RECORDED DATA ->
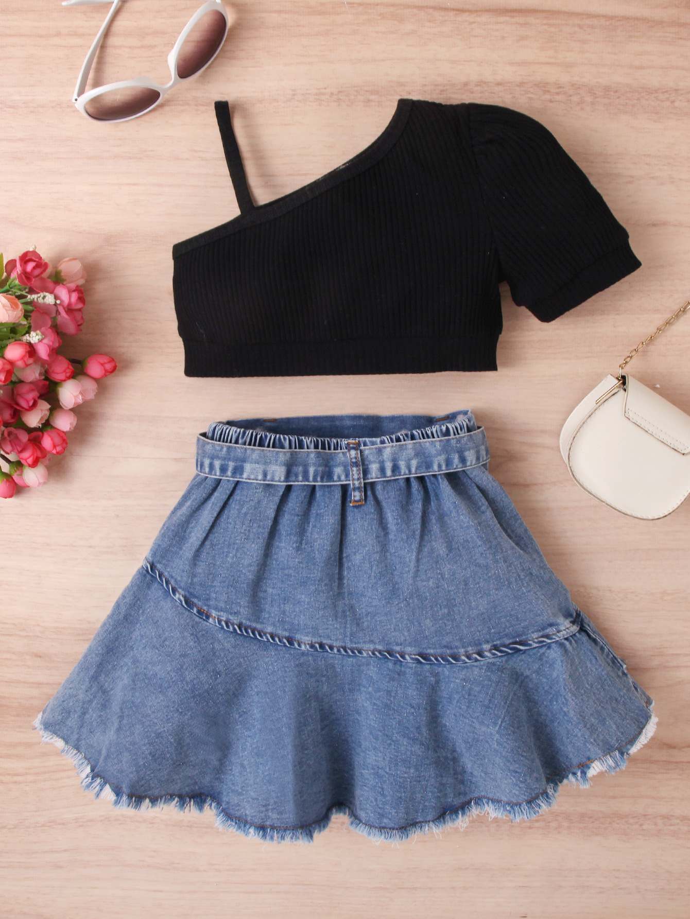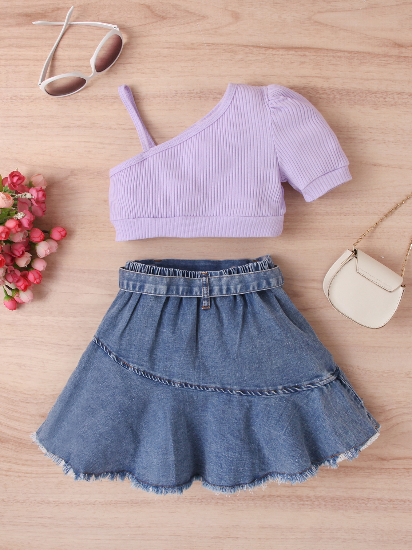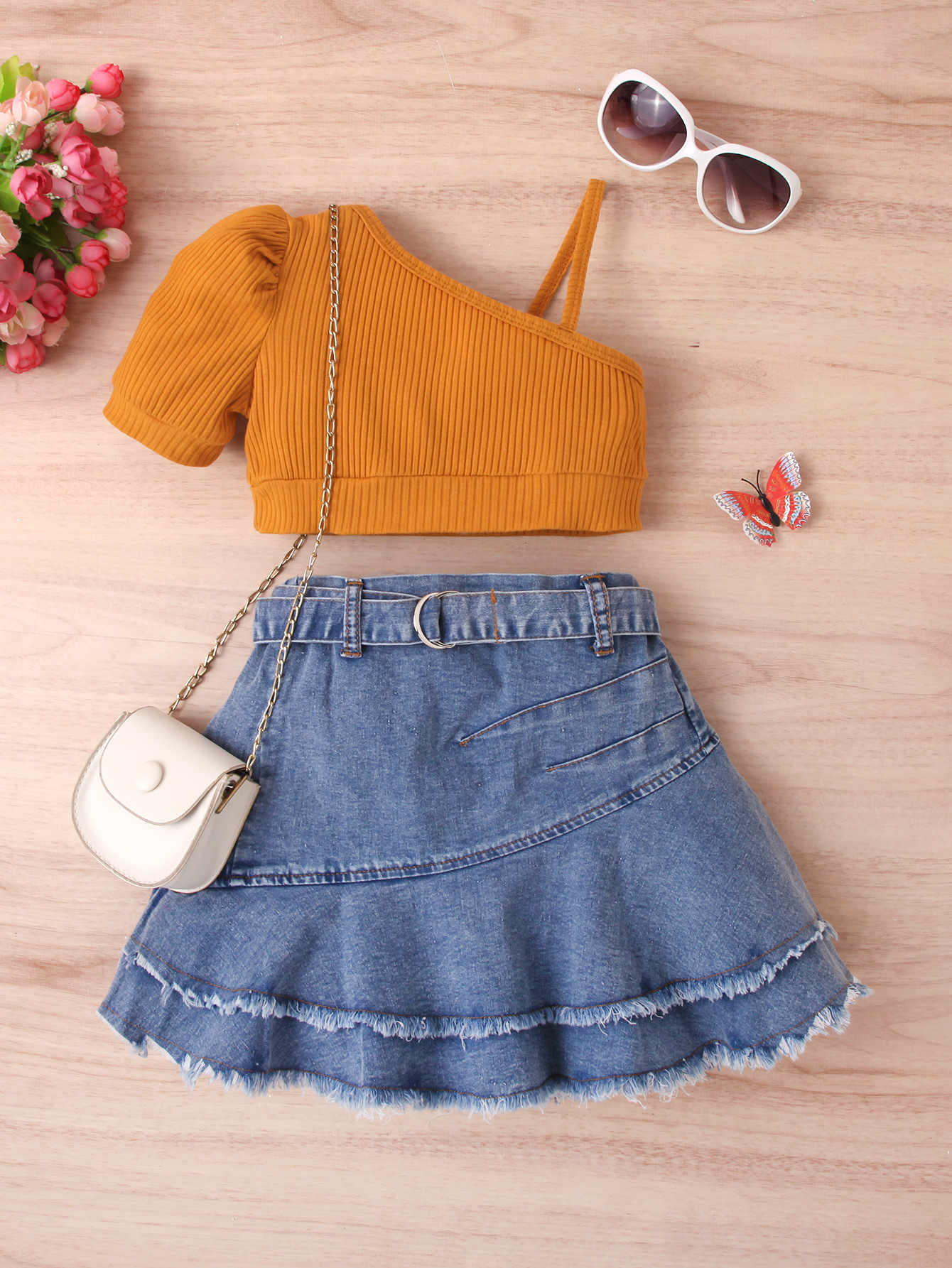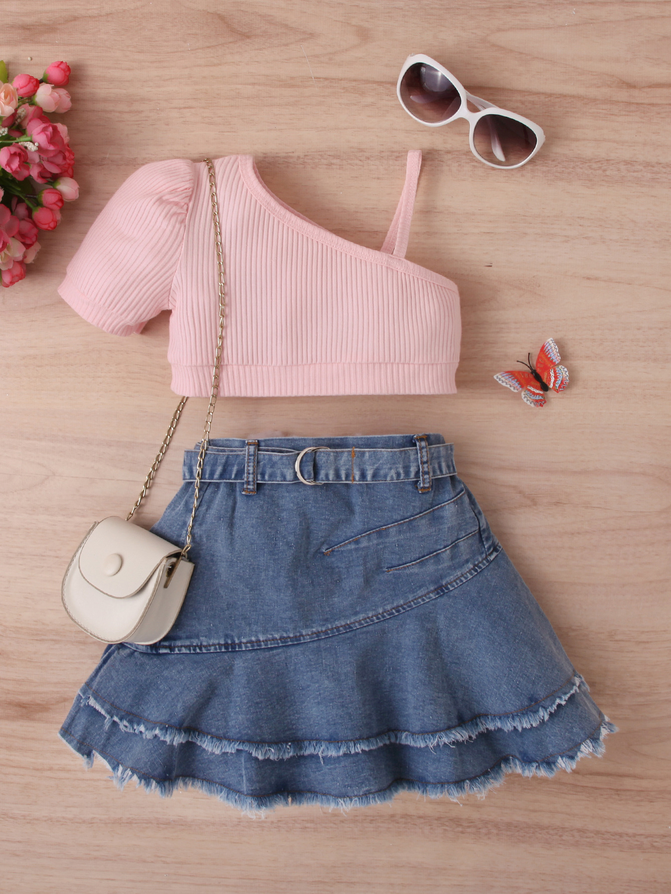아마존 국경 아동복 소녀 솔리드 컬러 웨이스트 코트 짧은 소매 탑 데님 오픈 백 주름 치마 세트 벨트
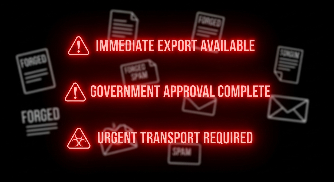 FBI 인터넷 범죄 신고 센터와 인터폴이 경고하는 선입금 사기의 전형적인 템플릿입니다. 이런 패턴의 사기는 보통 이렇게 진행됩니다. "즉시 수출 가능"으로 신뢰를 얻고, "정부 승인 완료"라는 위조 공문으로 공신력을 연출한 뒤, "긴급 운송"으로 검토 시간을 차단합니다. 그리고 운송비, 관세, 뇌물 명목으로 선입금을 요구하고, 돈이 송금되는 순간 연락이 끊깁니다.
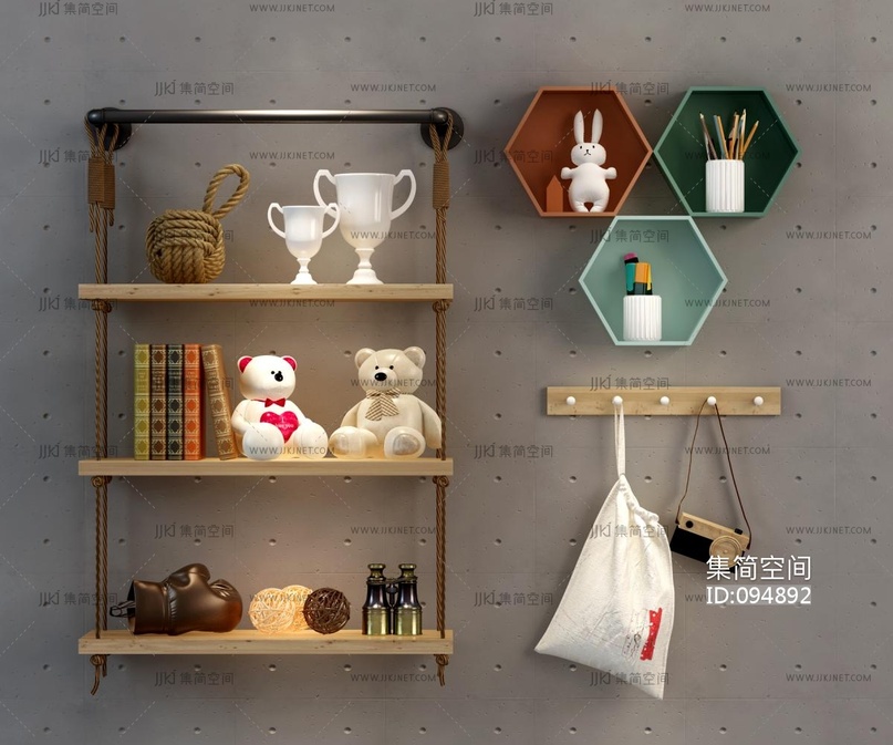 北欧吊柜装饰品,隔板置物架3d模型下载

TASK DIRECTIONS -> Without including the pictures, copy all of the data exactly.

RESULT OF THE EXERCISE ->
아마존 국경 아동복 소녀 솔리드 컬러 웨이스트 코트 짧은 소매 탑 데님 오픈 백 주름 치마 세트 벨트
 FBI 인터넷 범죄 신고 센터와 인터폴이 경고하는 선입금 사기의 전형적인 템플릿입니다. 이런 패턴의 사기는 보통 이렇게 진행됩니다. "즉시 수출 가능"으로 신뢰를 얻고, "정부 승인 완료"라는 위조 공문으로 공신력을 연출한 뒤, "긴급 운송"으로 검토 시간을 차단합니다. 그리고 운송비, 관세, 뇌물 명목으로 선입금을 요구하고, 돈이 송금되는 순간 연락이 끊깁니다.
 北欧吊柜装饰品,隔板置物架3d模型下载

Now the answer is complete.